(SUPPLIED INFORMATION):
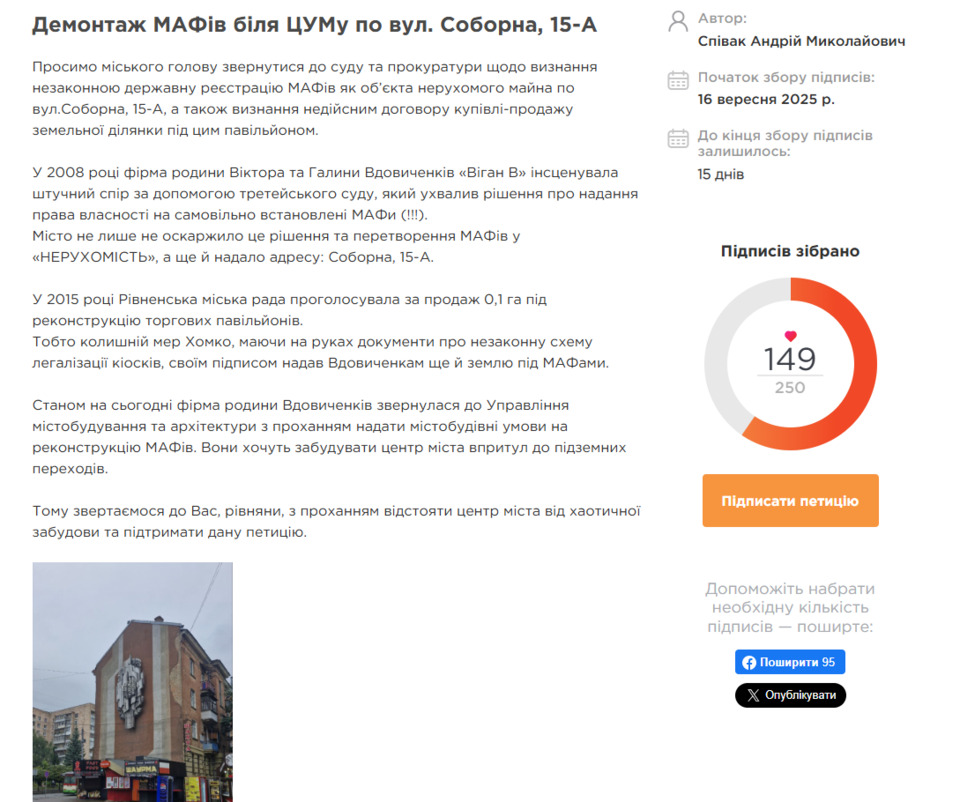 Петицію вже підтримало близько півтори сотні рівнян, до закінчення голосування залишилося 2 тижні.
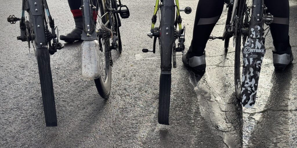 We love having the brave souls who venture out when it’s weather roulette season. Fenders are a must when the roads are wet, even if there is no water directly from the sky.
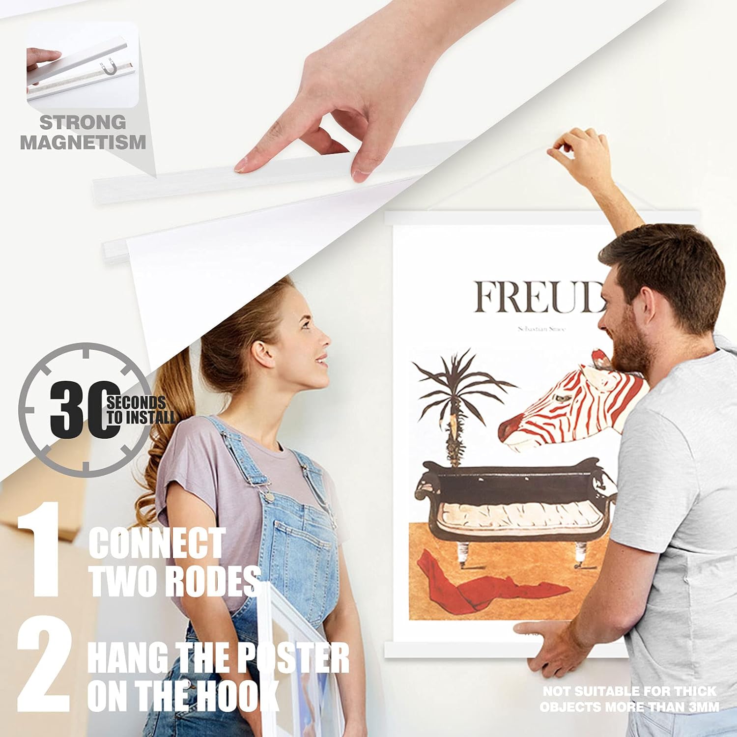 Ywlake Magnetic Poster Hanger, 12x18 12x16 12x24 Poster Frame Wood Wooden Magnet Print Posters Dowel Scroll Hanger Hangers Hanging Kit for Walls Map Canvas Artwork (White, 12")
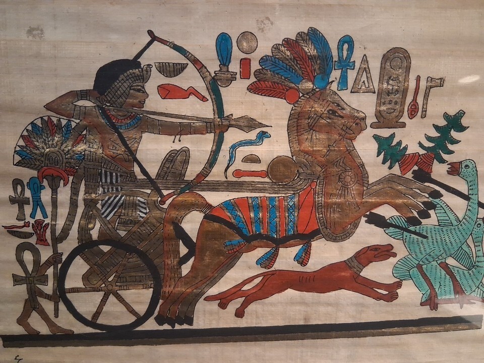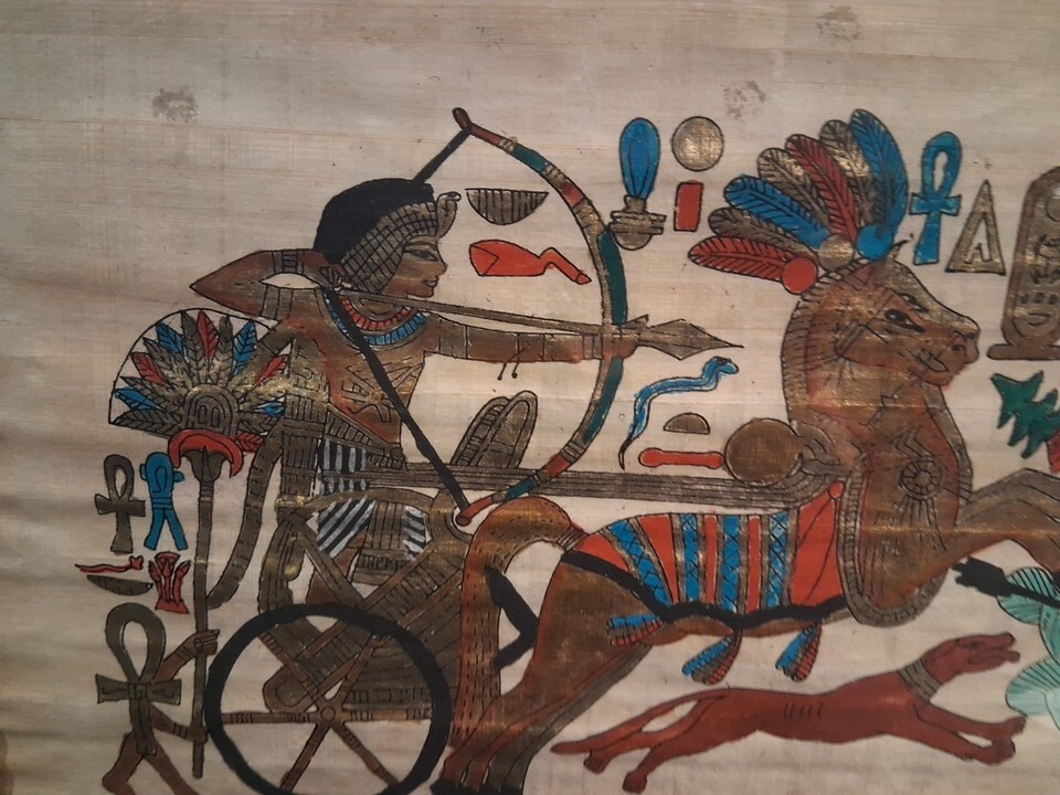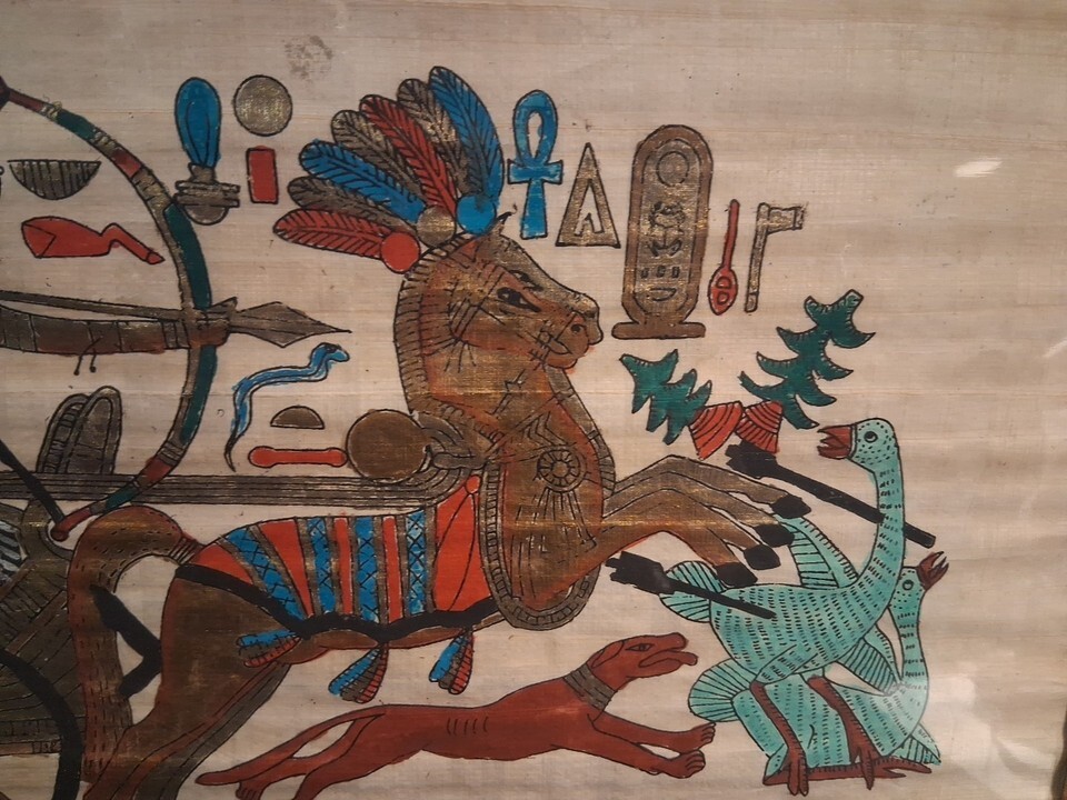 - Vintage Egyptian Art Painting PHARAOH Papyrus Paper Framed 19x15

(WHAT THE EXERCISE ASKS):
No pictures go in the copy. Output exactly the lines from the line containing "We love having" through the end of the listing above.

(WRITTEN ANSWER):
 We love having the brave souls who venture out when it’s weather roulette season. Fenders are a must when the roads are wet, even if there is no water directly from the sky.
 Ywlake Magnetic Poster Hanger, 12x18 12x16 12x24 Poster Frame Wood Wooden Magnet Print Posters Dowel Scroll Hanger Hangers Hanging Kit for Walls Map Canvas Artwork (White, 12")
 - Vintage Egyptian Art Painting PHARAOH Papyrus Paper Framed 19x15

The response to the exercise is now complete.